Posted by , on 8 February 2019

This interview, the 57th in our series, was recently published in Development


The molecular regulation of pluripotency has been most intensively studied in early mammalian development, but whether the transcriptional networks revealed in mouse and man also regulate pluripotency in other deuterostomes has remained unclear. A paper in this issue of Development now addresses the evolution of pluripotency with an analysis of the function of PRDM14 in zebrafish, amphioxus and sea urchin. We caught up with first authors Masanori Kawaguchi and Kota Sugiyama and their supervisor Yoshiyuki Seki, Associate Professor at Kwansei Gakuin University in Sanda, Japan, to find out more about the story.

 

Yoshiyuki (L), Kota (M) and Masanori (R)

 

Yoshiyuki, can you give us your scientific biography and the questions your lab is trying to answer?

YS From undergraduate to Master’s student, I trained as a cell biologist, supervised by Professor Hirofumi Kai at Kumamoto University. During this period, the Kai laboratory journal club started at 7:30 am every day, so I read a lot of papers, including a lot about developmental biology, and I decided to move to the developmental biology field for my PhD. As a PhD student, I began to investigate epigenetic reprogramming in primordial germ cells at Osaka University. I then did postdoctoral research at Mitinori Saitou’s laboratory at RIKEN, and identified that Prdm14 is specifically expressed in germline cells. Then in 2009, I got my independent position at Kwansei Gakuin University and, since then, have deeply analysed the function of PRDM14 in epigenetic reprogramming in pluripotent cells.

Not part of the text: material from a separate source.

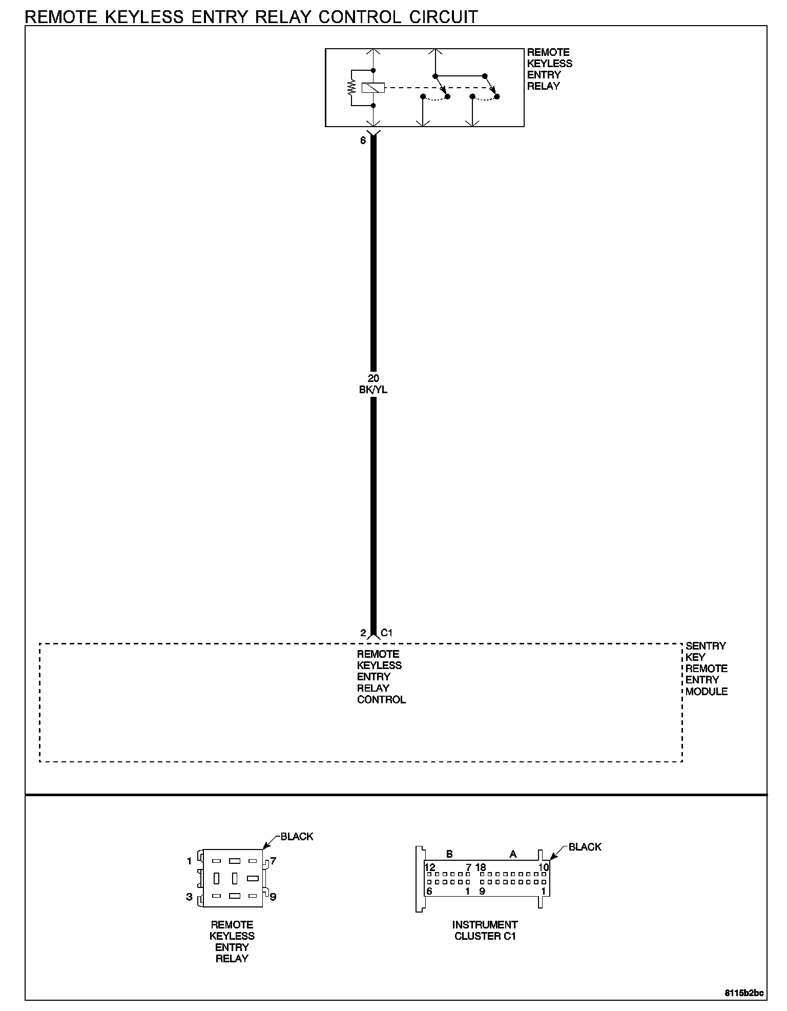 - Remote keyless entry relay control circuit shorted to ground

Considering the expression pattern and functions of Prmd14 in mice, the gene looks like the master regulator for germ cell specification. But even in humans, the expression pattern and functions are entirely different. A recent major aim of our lab is to uncover the origin and co-option of pluripotency networks during deuterostome evolution.

 

A recent major aim of our lab is to uncover the origin and co-option of pluripotency networks during deuterostome evolution

 

Masanori and Kota: how did you come to join the Seki lab, and what drives your research?

MK When I was an undergraduate, I was fascinated by the Seki lab’s research, and it was exciting to see Dr Seki performing experiments!

KS When I was an undergraduate student, I was interested in research about pluripotent stem cells and also fascinated by the evolutionary history of pluripotency networks, both questions that the Seki lab works on. My driving force for research is curiosity to uncover unknown mechanisms.

 

What was known about the evolutionary history of the mammalian pluripotency network before your study?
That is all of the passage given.